▶ _Given data_:
• • • • • • •
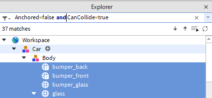 | Vector3やColorなどの完全な比較 | 値の等価性、比較の両方で使用できる演算子 | Size = "20, 5, 20" | Sizeが x = 20, y = 5, z = 20 に該当するインスタンスをフィルタリング |
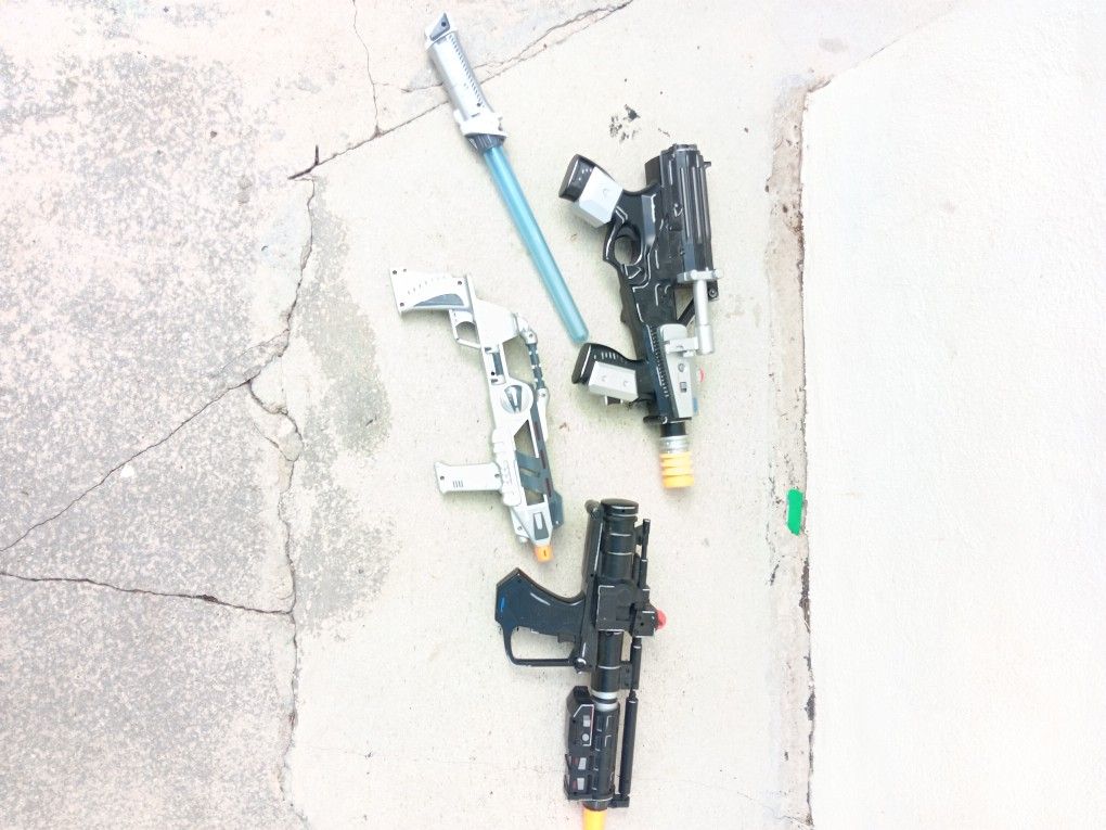 Used silver one has batteries and works. The other 2 don't have batteries. Don't know if they work should work if you put batteries in them but I haven't. One of the guns is missing something on the top don't know if it fell or something's broken or missing.These are from childhood thanks send me an offer thanks
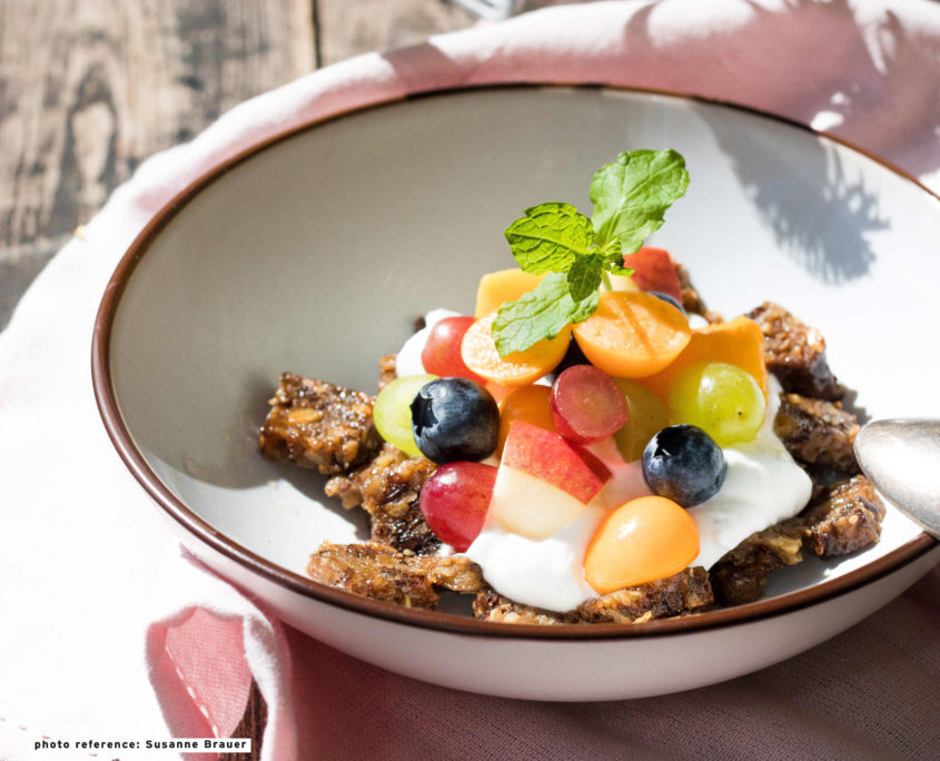 신선한 과일과 허니 커드를 곁들인 통호밀빵
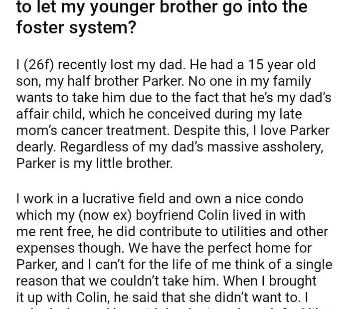 AITAH for my boyfriend because he wanted to let my younger brother go into the foster system?May 29, 2024May 29, 2024AITA
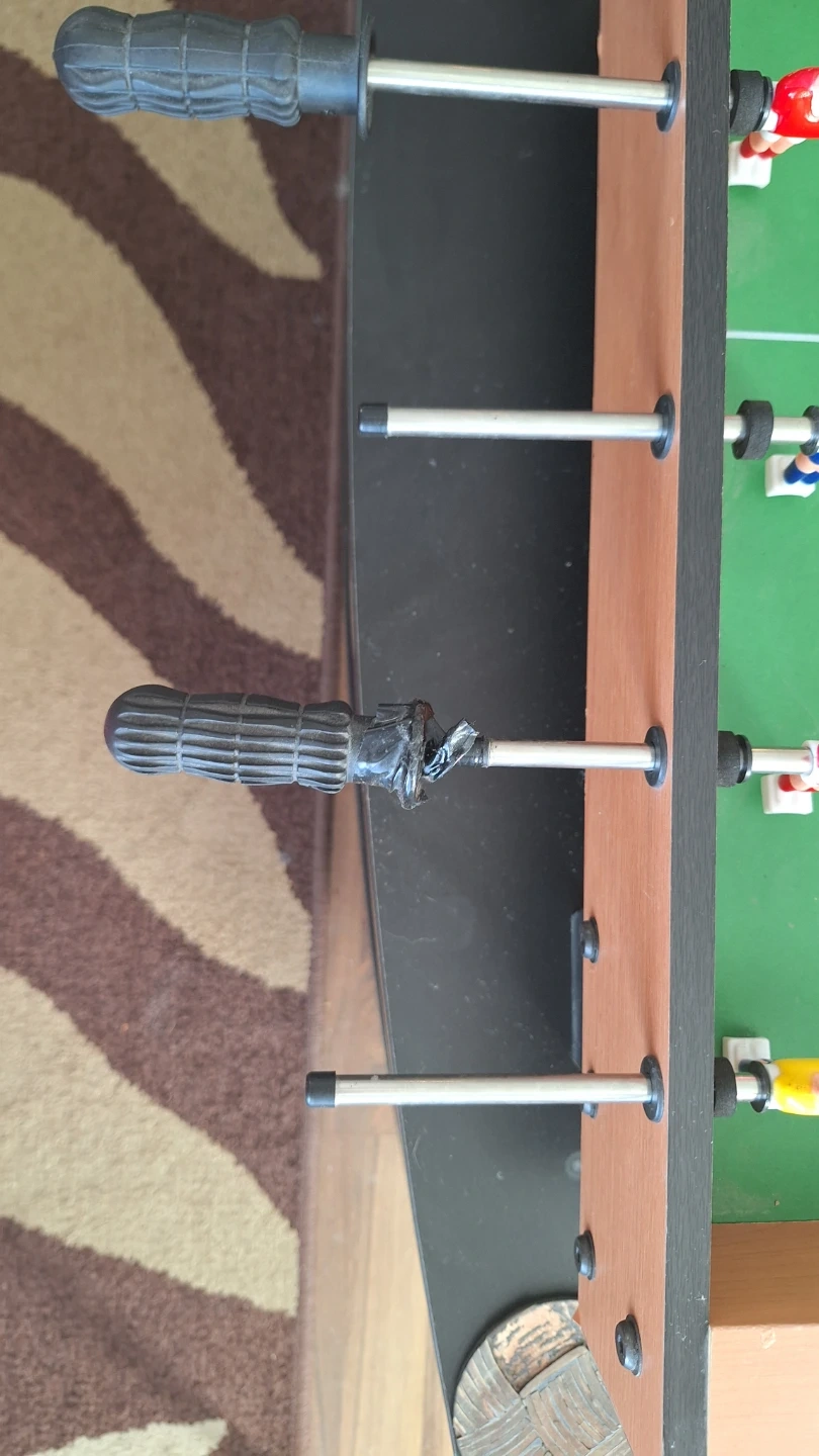 This is a compact tabletop foosball game. It features red and yellow player figures on a green pitch with a wooden-style exterior. Score markers are included at each end. One handle shows some wear and tape repair.
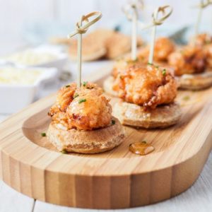 Mini Fried Chicken and Waffles shine as a versatile appetizer or brunch feature.
• • • • • • •
▶ _Problem to work on_: Write out again, exactly, the lines from the start of the listing up to the line containing "AITAH for my", with both ends and without pictures.

▶ _Final answer_:
 | Vector3やColorなどの完全な比較 | 値の等価性、比較の両方で使用できる演算子 | Size = "20, 5, 20" | Sizeが x = 20, y = 5, z = 20 に該当するインスタンスをフィルタリング |
 Used silver one has batteries and works. The other 2 don't have batteries. Don't know if they work should work if you put batteries in them but I haven't. One of the guns is missing something on the top don't know if it fell or something's broken or missing.These are from childhood thanks send me an offer thanks
 신선한 과일과 허니 커드를 곁들인 통호밀빵
 AITAH for my boyfriend because he wanted to let my younger brother go into the foster system?May 29, 2024May 29, 2024AITA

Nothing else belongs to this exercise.